_Work order:_
Start at the line with "鋰離子電池方面,2018年上" in the records below, stop at the line with "Realice una higiene", and return every line in that span exactly, the two end lines included.

_Data section:_
- - - -

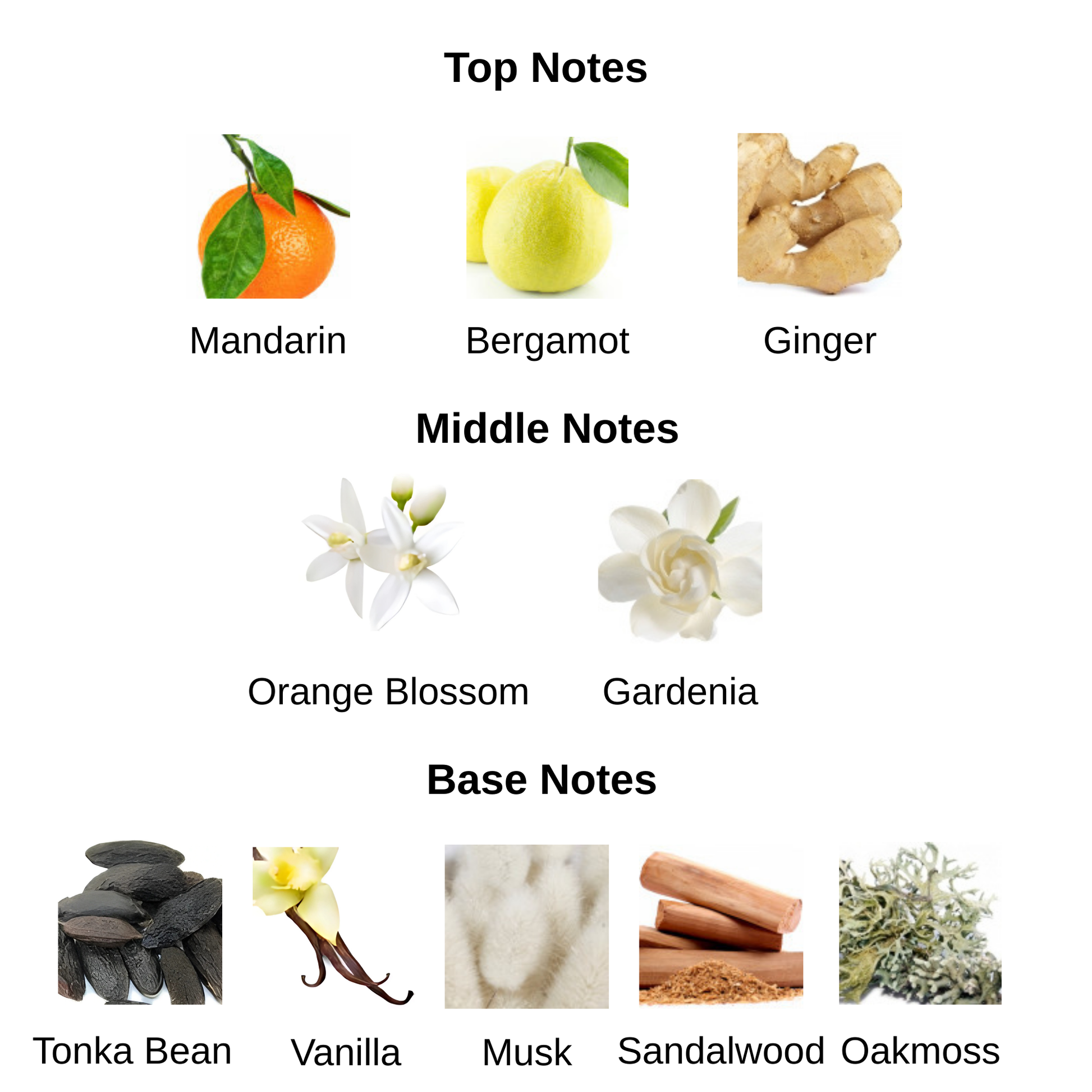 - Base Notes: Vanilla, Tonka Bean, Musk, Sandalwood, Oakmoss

- - - -

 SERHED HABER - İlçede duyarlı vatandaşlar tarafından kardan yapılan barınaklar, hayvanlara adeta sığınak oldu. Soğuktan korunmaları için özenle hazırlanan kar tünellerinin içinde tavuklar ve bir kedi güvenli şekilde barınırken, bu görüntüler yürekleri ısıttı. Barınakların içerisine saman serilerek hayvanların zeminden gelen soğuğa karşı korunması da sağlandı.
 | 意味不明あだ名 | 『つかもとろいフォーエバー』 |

- - - -

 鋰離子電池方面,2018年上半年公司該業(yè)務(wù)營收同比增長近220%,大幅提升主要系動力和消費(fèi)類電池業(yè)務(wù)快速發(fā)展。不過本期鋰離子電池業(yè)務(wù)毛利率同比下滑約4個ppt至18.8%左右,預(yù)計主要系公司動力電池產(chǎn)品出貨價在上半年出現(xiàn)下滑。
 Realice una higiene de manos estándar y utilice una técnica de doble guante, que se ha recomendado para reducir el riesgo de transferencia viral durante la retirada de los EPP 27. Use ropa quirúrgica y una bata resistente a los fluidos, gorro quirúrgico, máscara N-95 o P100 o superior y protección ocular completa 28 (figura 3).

- - - -

_Written answer:_
 鋰離子電池方面,2018年上半年公司該業(yè)務(wù)營收同比增長近220%,大幅提升主要系動力和消費(fèi)類電池業(yè)務(wù)快速發(fā)展。不過本期鋰離子電池業(yè)務(wù)毛利率同比下滑約4個ppt至18.8%左右,預(yù)計主要系公司動力電池產(chǎn)品出貨價在上半年出現(xiàn)下滑。
 Realice una higiene de manos estándar y utilice una técnica de doble guante, que se ha recomendado para reducir el riesgo de transferencia viral durante la retirada de los EPP 27. Use ropa quirúrgica y una bata resistente a los fluidos, gorro quirúrgico, máscara N-95 o P100 o superior y protección ocular completa 28 (figura 3).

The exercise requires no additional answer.